After the procedure, I was brought back down to my room. The nurses had Jesse dressed and swaddled. My husband was holding him. I was transferred into my bed. I went to sleep for a while. When I awoke my dinner was being served by the same young man who I had seen sweeping the floor earlier. The meal was small, five cherries, some olives, feta cheese, cucumber slices, two slices of tomato and a chunk on bread. It was however, filling. The next day was spent nursing and sleeping. The nurses would not let me change a diaper. They came in often to check on me and hand me Jesse to bond with, if my husband was not holding him.
The morning I was to leave the hospital my doctor came into check on me. He sat on the couch and hung out for almost an hour. He invited us to his weekend beach house. While he was with us, the pediatrician came into the room. He sat on the coach also, we were all talking, and before they left, we had scheduled a weekend retreat at both doctors’ weekend homes.

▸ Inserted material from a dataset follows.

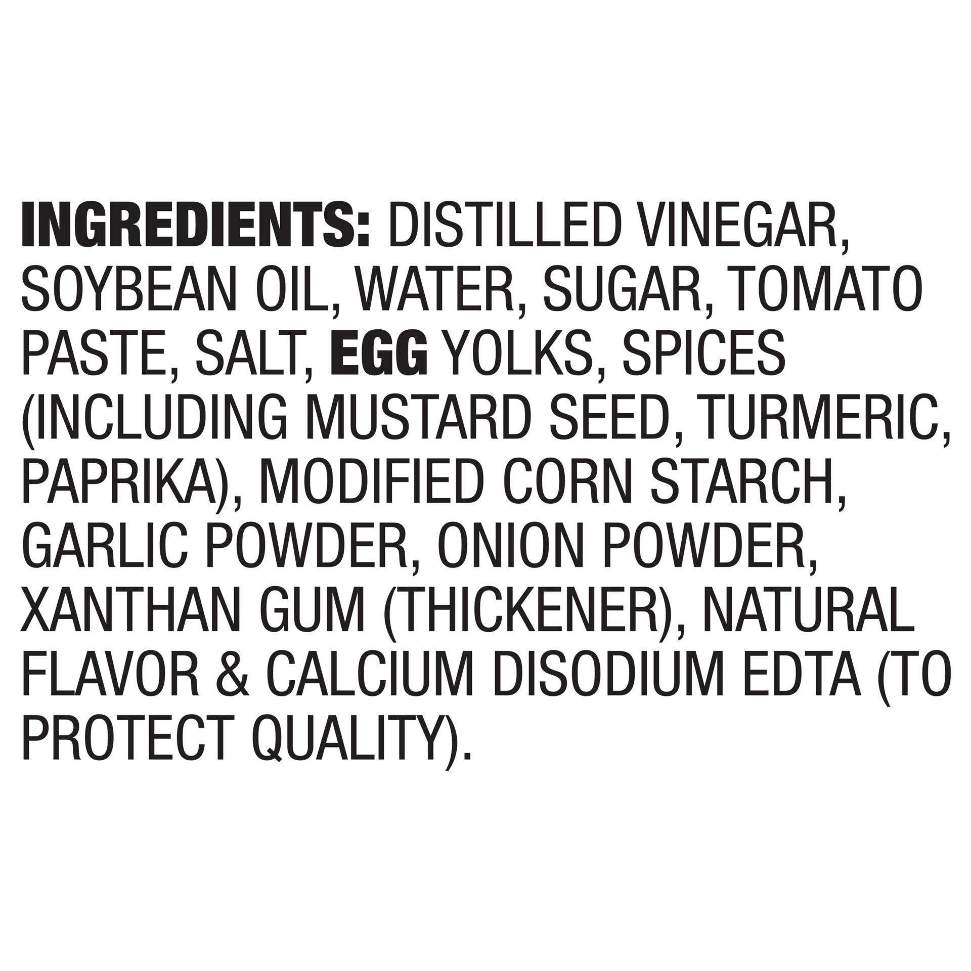DISTILLED VINEGAR, SOYBEAN OIL, WATER, SUGAR, TOMATO PASTE, SALT, EGG YOLKS, SPICES (INCLUDING MUSTARD SEED, TURMERIC, PAPRIKA), MODIFIED CORN STARCH, GARLIC POWDER, ONION POWDER, XANTHAN GUM (THICKEN…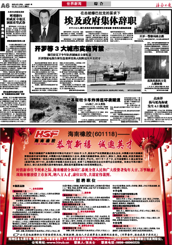 海南日报 世界新闻 006 2011-01-301 2011年01月30日 星期日

Jesse and I were cleared to go home. Five minutes later a wheelchair was brought in to bring us to an awaiting taxi. When we arrived home Gul Teza, walked up to the apartment with us, made us some tea, and took care of me for the first week. My neighbors within our building brought food and left fruit and vegetables outside our door.
Although the hospital environment was dated, the care I received was superior to my previous birthing experiences. The doctors I had were educated in the US as many doctors in Turkey are. The experience of giving birth in Turkey was an amazing experience. This assignment was great because I could discrible by my own expereince a birthing expereince in another country.